What the exercise asks.
The answer must restate the listing word for word, without its images.

Supplied material.
*** Block opens ***
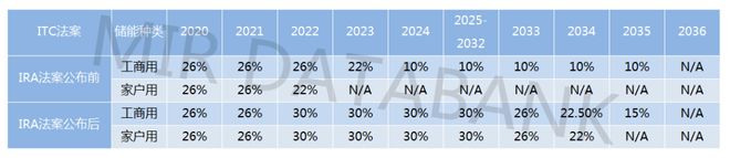 美國IRA法案出臺,獨(dú)立儲能納入ITC補(bǔ)貼范圍,并將ITC補(bǔ)貼有效期將持續(xù)到2033年,并將抵免劃分為基礎(chǔ)抵免+額外抵免。其中基礎(chǔ)抵免額度由之前的26%上升至30%,此前為逐年退坡。具體變化情況如下表:
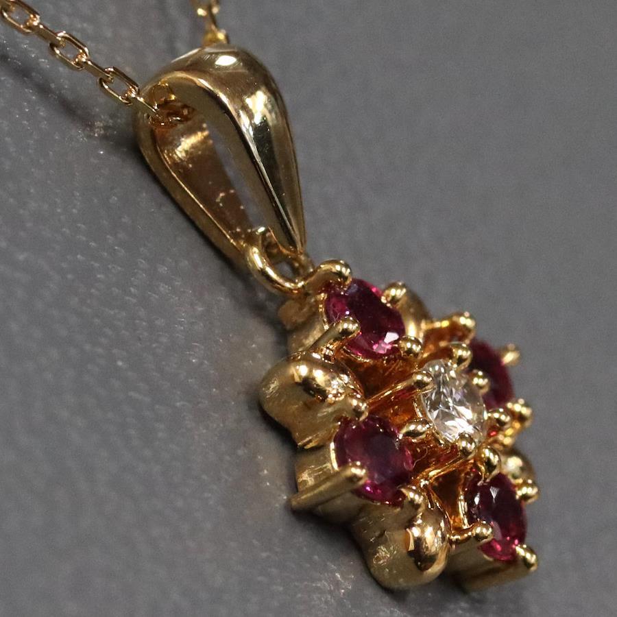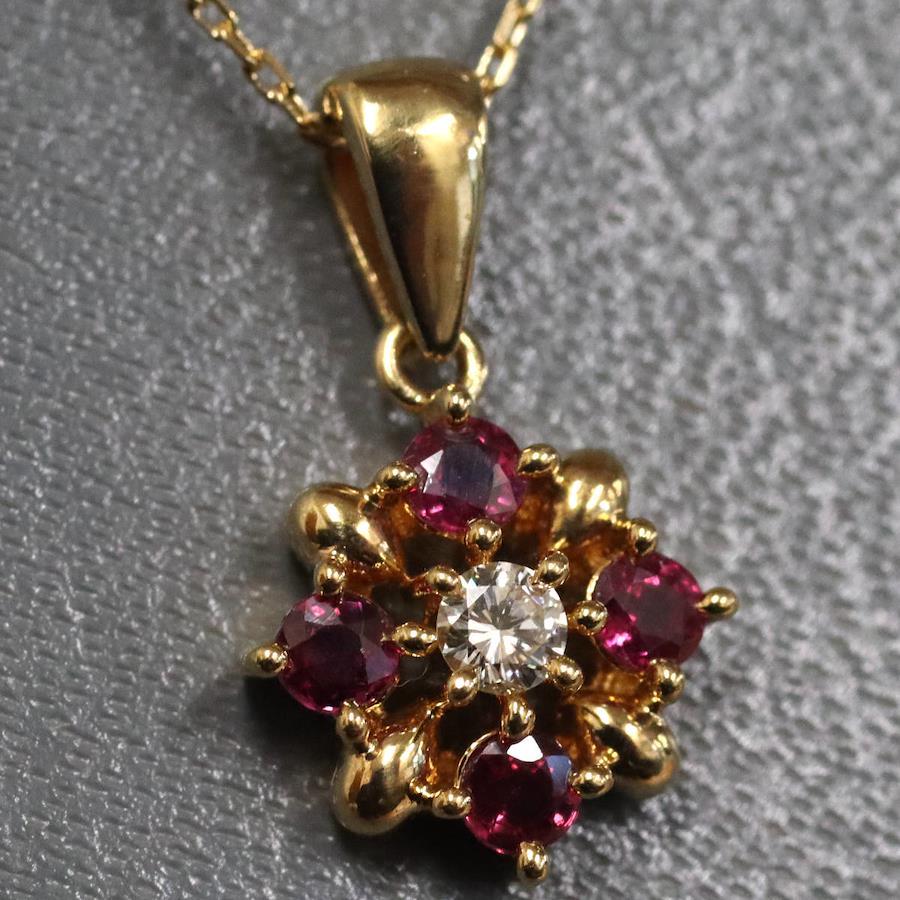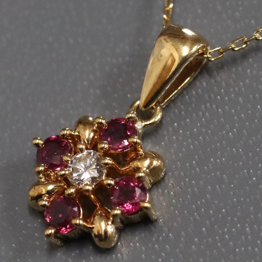 タサキのK18ルビーダイヤモンドペンダントの中古品です。ヘッドはタサキですが、チェーンはタサキではありません。ダイヤモンドは無色に近い色味で、インクルージョンが少なく、非常に照りよく輝きます。ルビーは紫がかった赤色で、彩度 透明度が高く、わずかにインクルージョンがあります。地金には小傷があります。+---+---+---+---+---+。{状態}A{素材}トップK18YG,ルビー,ダイヤモンドチェーンK18YG{サイズ}トップ約W10mm × H15mm(バチカン含む)チェーン長約40cm。{その他}D0.06,2.5g。{付属品}なし(サービス箱をお付けします){お問合せ商品番号}26013142+---+---+---+---+---+。
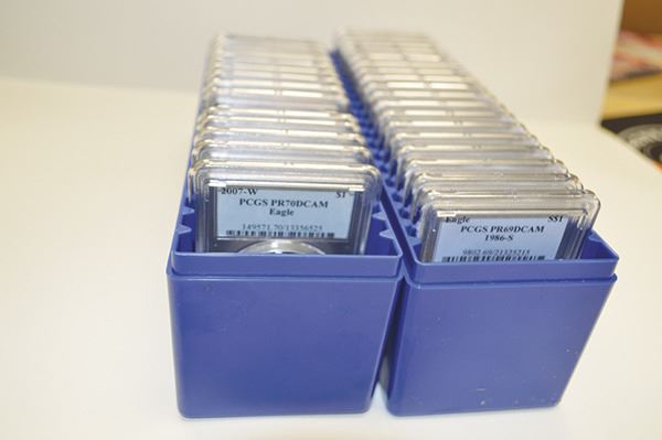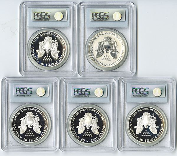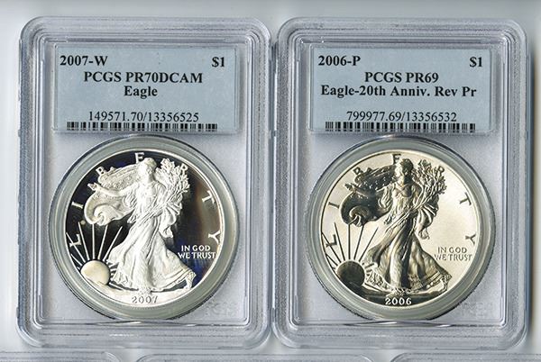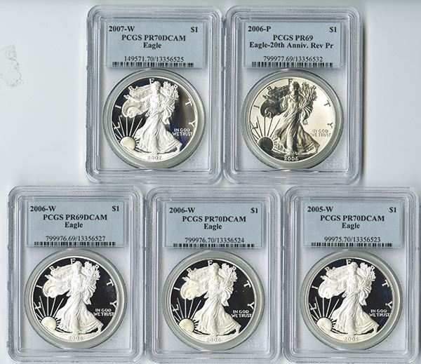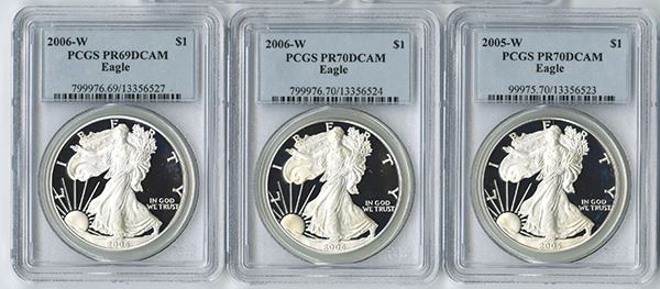 U.S. Silver Eagle group of 33 coins, Highlights include 2005 W; 2006 W and 2007 W, All PR70Dcam; 2006-P PCGS PR69 Rev.Proof (2); Missing the key issues with the balance mostly PCGS PR69DCAM with 5 grading PR68DCAM examples. All 1 ounce silver coins. (33)
*** Block closes ***
Answer section.
 美國IRA法案出臺,獨(dú)立儲能納入ITC補(bǔ)貼范圍,并將ITC補(bǔ)貼有效期將持續(xù)到2033年,并將抵免劃分為基礎(chǔ)抵免+額外抵免。其中基礎(chǔ)抵免額度由之前的26%上升至30%,此前為逐年退坡。具體變化情況如下表:
 タサキのK18ルビーダイヤモンドペンダントの中古品です。ヘッドはタサキですが、チェーンはタサキではありません。ダイヤモンドは無色に近い色味で、インクルージョンが少なく、非常に照りよく輝きます。ルビーは紫がかった赤色で、彩度 透明度が高く、わずかにインクルージョンがあります。地金には小傷があります。+---+---+---+---+---+。{状態}A{素材}トップK18YG,ルビー,ダイヤモンドチェーンK18YG{サイズ}トップ約W10mm × H15mm(バチカン含む)チェーン長約40cm。{その他}D0.06,2.5g。{付属品}なし(サービス箱をお付けします){お問合せ商品番号}26013142+---+---+---+---+---+。
 U.S. Silver Eagle group of 33 coins, Highlights include 2005 W; 2006 W and 2007 W, All PR70Dcam; 2006-P PCGS PR69 Rev.Proof (2); Missing the key issues with the balance mostly PCGS PR69DCAM with 5 grading PR68DCAM examples. All 1 ounce silver coins. (33)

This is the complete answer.